Sunday, January 23, 2005

A list of things my mother never told me

I went out last night with girlfriends and was very careful to apply lipstick before entering the celebration. I announced that I needed the lipstick because my lips had disappeared when I hit 40. I blame my mother for my shock when that happen. She did not warn me that my lips would disappear some day. I always wondered why she put on lipstick before walking to town or going to a meeting. I thought it was because she was a product of the Depression or WWII or the 50s or some strange decade that made lipstick mandatory. She also didn't warn me that

1) Sex was messy. (Not just emotionally, but physically. What is that stuff?)

2) Boobs droop to your navel after the second kid was born. (I had to roll mine up to put back in my nursing bra after the 2nd kid was born.)

3) Knees hurt whether you played soccer or ice skated in the Olympics or not. (I might have to go from being Episcopalian to being a Baptist for the kneeling alone.) Along with your knees, your back will hurt as you age, along with your ankles, shoulders, and other joints. Why didn't my mother bitch more. I would have been more prepared. And don't write to me about exercising. Aging happens to us all.
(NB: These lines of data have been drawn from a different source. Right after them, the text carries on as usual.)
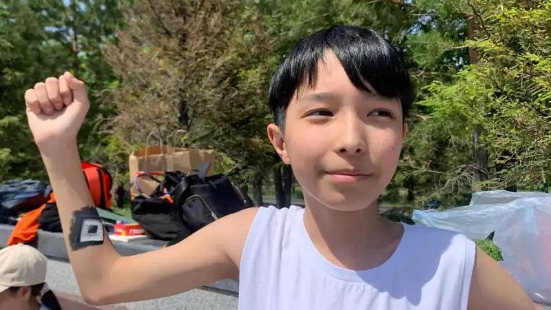 Ее сын, 11-летний Эмир, показал результаты дня на своей руке.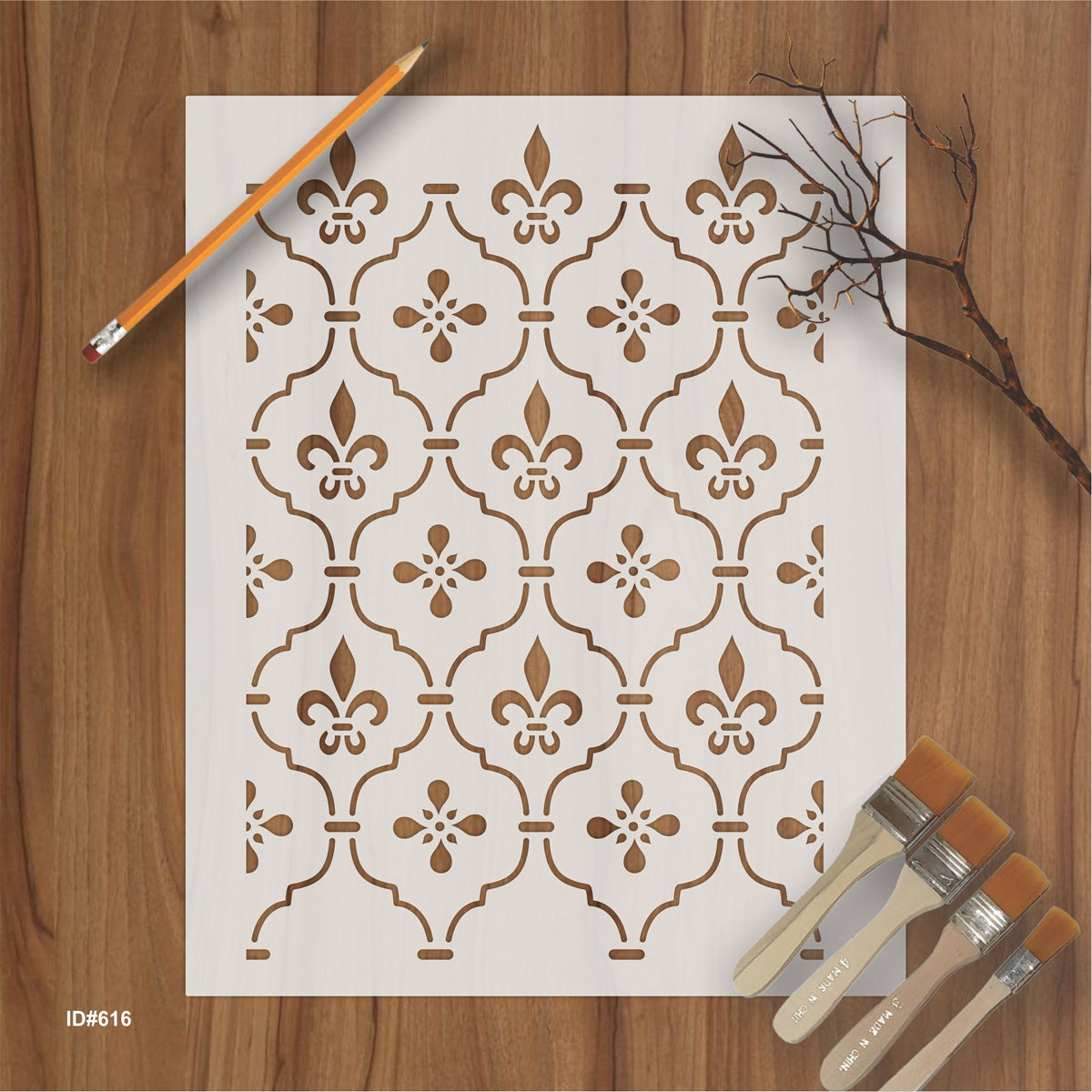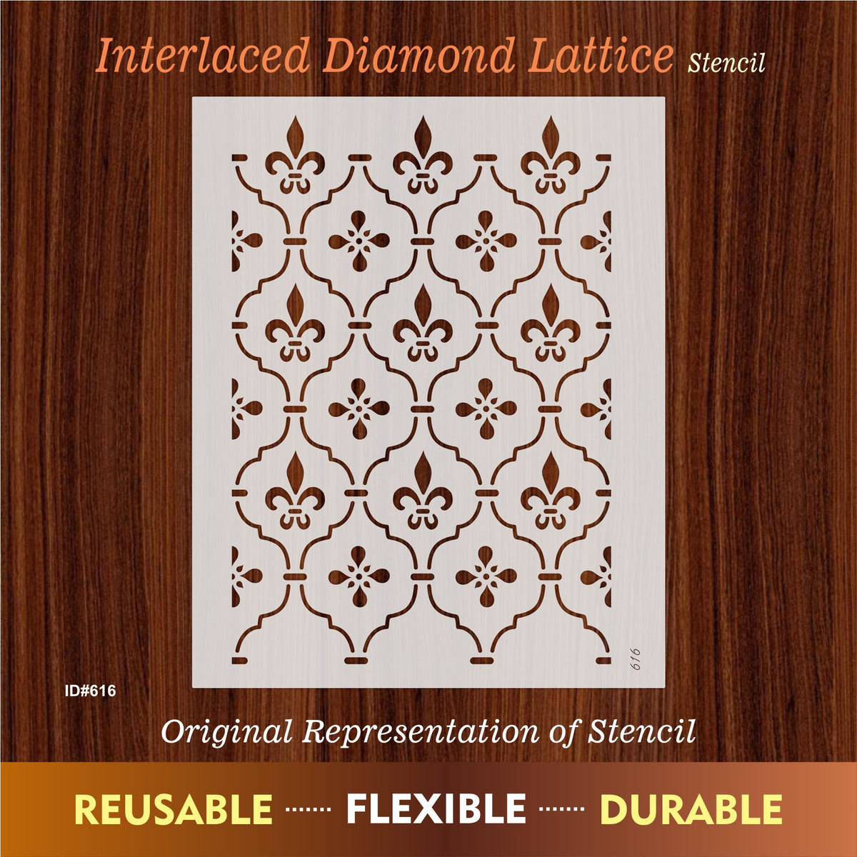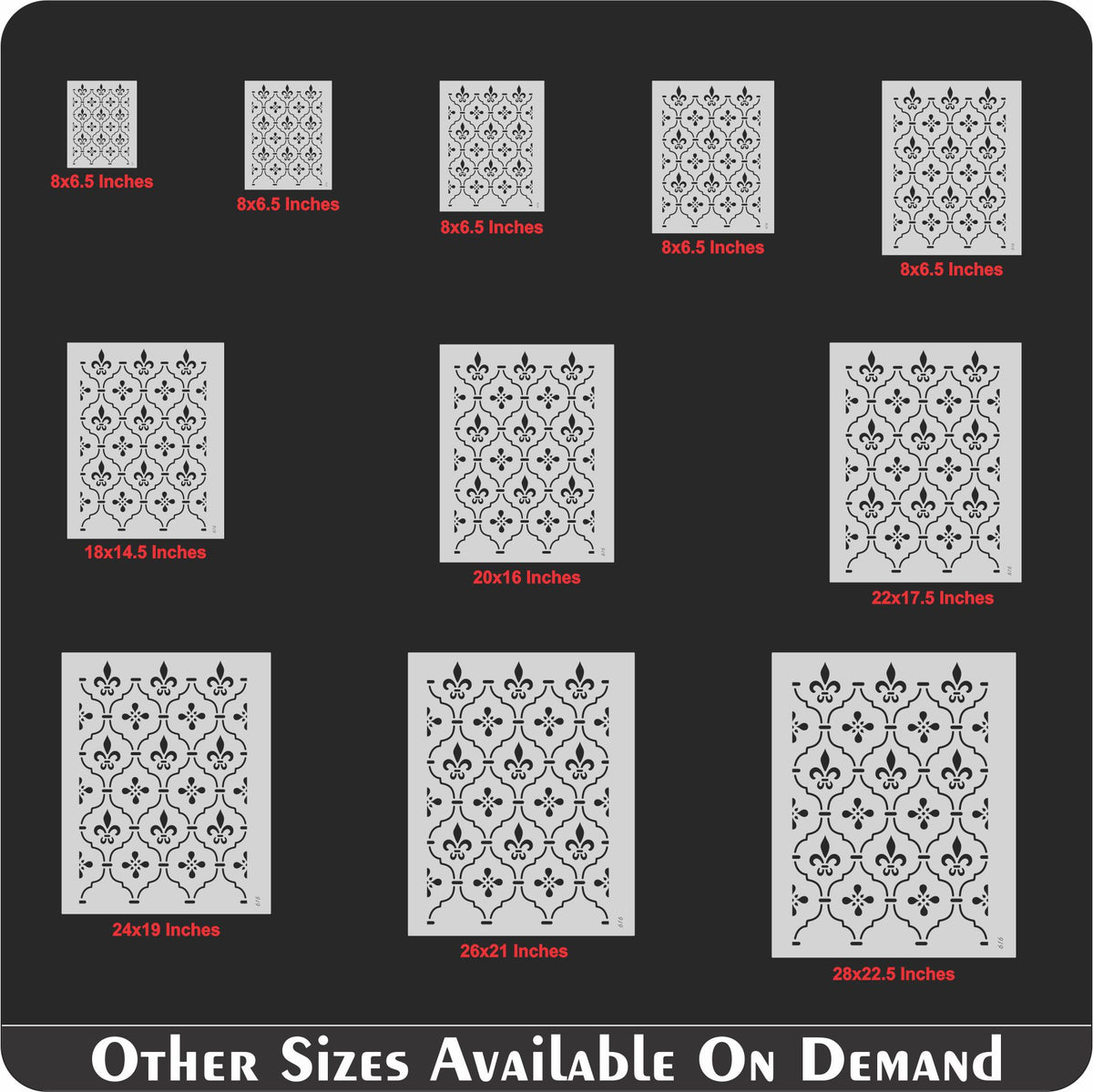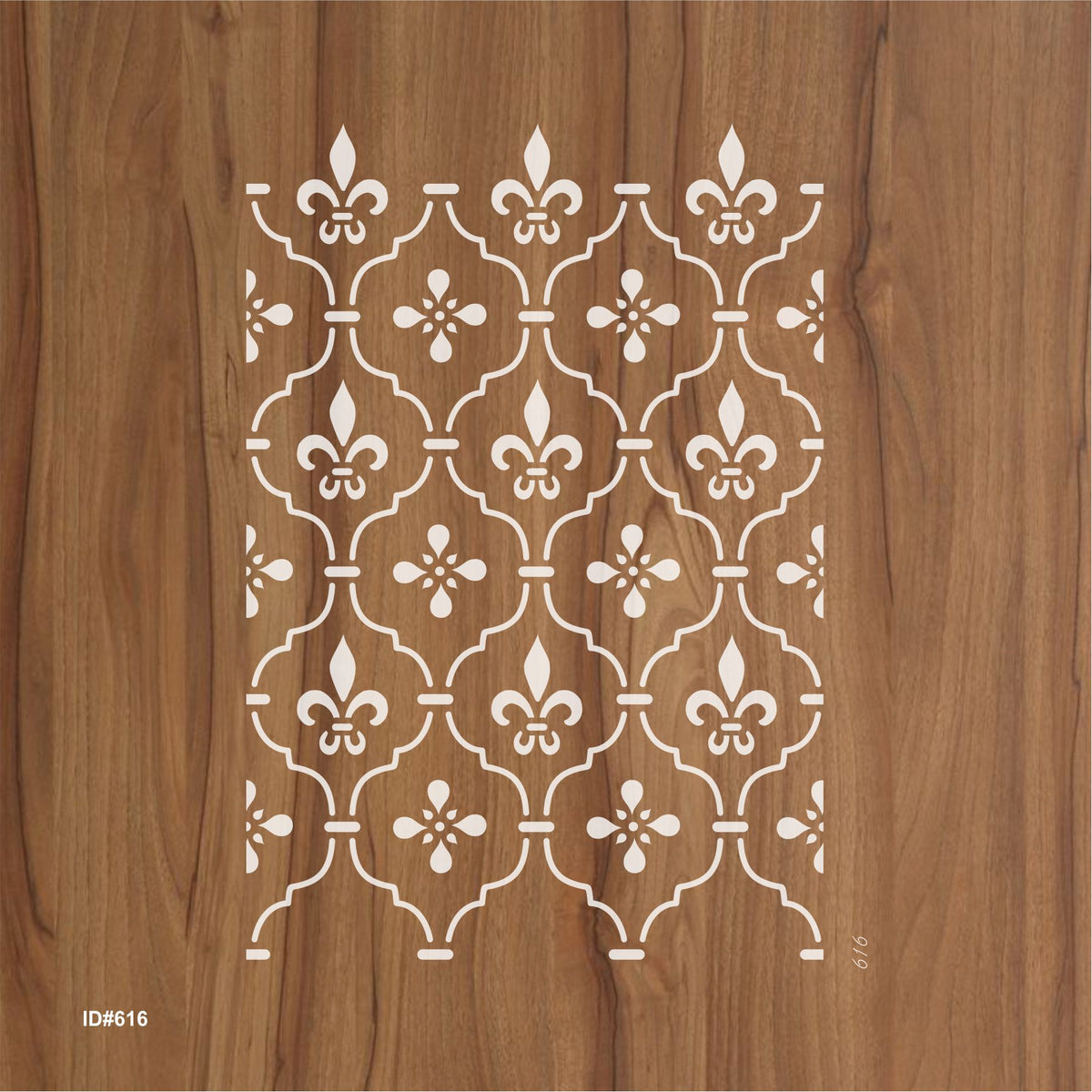 Add timeless elegance to your projects with this reusable Fleur-de-Lis trellis stencil, perfect for walls, wood, fabric, furniture, and floors.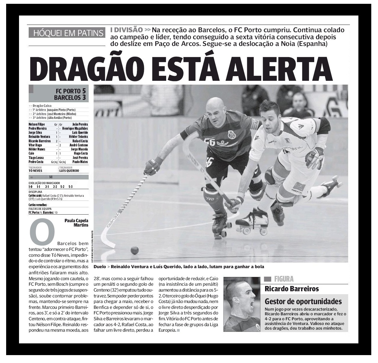 para lá da capa acima, onde lanço o desafio de conseguires encontrar a referência ao nosso clube do coração; da muito risível notícia "os segredos de jeBus", da autoria de fernando urbano, e consequente editorial "o Saber e o Conhecer não têm fronteiras" (da autoria do belenense vítor serpa); dos artigos de opinião "daqui até ao Dragão" (do nosso enfant terrible, Miguel Sousa Tavares, na sua rubrica habitual "NORTADA"), e do "da bola obediente" (de António Simões, na sua coluna de opinião regular COM A BOLA, OU TALVEZ NÃO); do dossier dedicado ao FC Porto (que "vale" pelo seu todo); do resumo ao encontro dos Vitórias, ontem, no Estádio do Bonfim (com o meu posterior desafio de (in)tentares encontrar algo sobre a expulsão do guarda-redes vitoriano que o tivesse justificado de facto), e consequente análise à nossa Liguinha, à 22ª jornada, talvez recomende a leitura atenta à ultima guerrinha do sr. fernando guerra, sob o título "primeiro, o título", por ser ilustrativa dessa lampiónica bazófia arrogante (porque perene de uma «gloriosa» Soberba) que já se (pres)sente lá para os lados de Carnide:

4) Your kids will not love you the way you love them. (And therefore, they will hurt you. Get over it.)

5) Don't marry a man unless he's trainable. (It's just not worth if even if the sex is great.)

6) Wallpaper or border a room with your partner before you are married. (If you can't cooperate with wallpaper paste and water nearby, don't bother with the ceremony.)

7) Despite valiant efforts not to, you will repeat some of the same things your parents said to you. (I used to cringe when my mother said, "I only have to feed you, clothe you, and put a roof over your head." That is my mantra now, especially during times when my children request a car, an MP3, a spring break in Mexico, or a cell phone. Not on the list of the things I have to do to be a good parent.) My mother is laughing long and hard over this one.

8) Your arms will grow shorter in your effort to read work close up. (I now own three pairs of reading glasses. What's up with that?)

9) You will embarrass your kids. And sometimes you even look forward to it.

10) Your lips will disappear. Always carry lipstick.